Danika reviews Fresh by Margot Wood

Amazon Affiliate Link | Bookshop.org Affiliate Link

I picked up Fresh when I was in a bit of a reading slump, and in the first few pages, I wasn’t sure what to think of it. It definitely has a distinct voice. It’s a first person point of view, and it sure sounds like a college freshman telling you a story–which is exactly what this is. It’s Elliot’s first year of university: how she messed it up, and how she tried to rebuild. She’s a little ridiculous, and she has lots of silly asides, including footnotes. It’s a style that will immediately turn some people off and pull others in. Once I bought in, I loved it, and I ended up reading it in two days–so much for that reading slump.

This is loosely inspired by Emma–if Emma was a bisexual girl with ADHD who went to an artsy college but is mainly interested in getting laid. Her family is wealthy, so she’s not too concerned about getting the most out of her education. She likes sex–but not commitment. Her high school relationship ended in heartbreak and humiliation, so she’s strictly casual now. The only assignment she puts any real thought into is an essay for her Sex and Intimacy class (did I mention it’s an artsy school?), where she embarks on a personal quest to sleep with a ton of people to try to find truly Good Sex–and then write about it.

A lot of people (especially on TikTok) are looking for more queer new adult books: books about the beginning years of college and/or just leaving high school, when you’re not quite a fully-fledged adult, but YA no longer reflects your experience. This definitely isn’t my experience with university, which involved still living at home and working to pay for tuition, but it’s certainly somebody’s! It’s got classic sloppy partying scenes and, as mentioned, a lot of casual hookups. Although there is a lot of talk about sex in Fresh, it’s not an erotic or steamy read. Sex is treated very matter of factly, and Elliot doesn’t give it a lot of weight.

I really enjoyed reading about a character who messes up so much. That’s where the Emma comparison comes in: she tries to set up her friend, determined that she knows what’s best for her, without realizing that her own life is very much not together. She’s afraid of intimacy and has no direction. She has no goals for her future, she’s not trying in any of her classes (and also not signing up for serious/useful classes), and she’s also not being a great friend. It doesn’t take long before it all blows up in her face.

I do want to give some clear content warning for both sexual assault and slut shaming. Elliot isn’t treating people well–she’s ghosting her hookups, and they’re not always aware that she only wants something casual–and that gets tangled up in general cultural shaming around women having casual sex (especially bisexual women). It’s clear from context that the slut shaming sentiment is wrong, but it’s not clearly defined. Similarly, while one character treats the attempted sexual assault very seriously (as does Elliot), not every character does, and it also gets mixed up with other things. I don’t think that’s a fault of the writing, necessarily, but I think readers should be aware of that going in.

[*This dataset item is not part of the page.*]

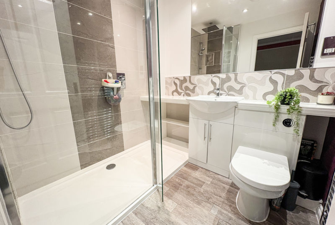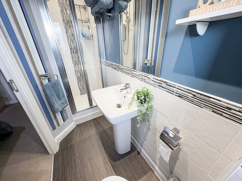EN-SUITE SHOWER ROOM: double glazed window to rear, low level WC, hand basin, single radiator, and shower cubicle.

Despite Elliot’s intimacy issues, there is also a romantic subplot, full of yearning, miscommunication, and a touch of the enemies to painful crush pipeline.

Overall, I thought this was such an absorbing, entertaining read, and I think it’s much-needed for new adult readers. Meanwhile, us older and wiser readers will be shaking our heads fondly at the rollercoaster of college relationships. I definitely never stopped hating the term “tender chicken,” which is used a lot in this book, and really spotlights how not erotic the descriptions of sex are, but I managed to get over that, and I’m grateful for it breaking through my reading slump. If you’re looking for a fun, silly, fast read–or queer new adult about college!–I highly recommend this one.

Thais reviews Catherine House by Elisabeth Thomas

Catherine House by Elisabeth Thomas

I loved this book. I loved it so much that I immediately binned the other review I had planned for this month, even though I do not have the slightest idea of how to properly describe and criticize this book. I know a lot of people hated Catherine House, so I wanted to make this clear from the get go—I loved this book.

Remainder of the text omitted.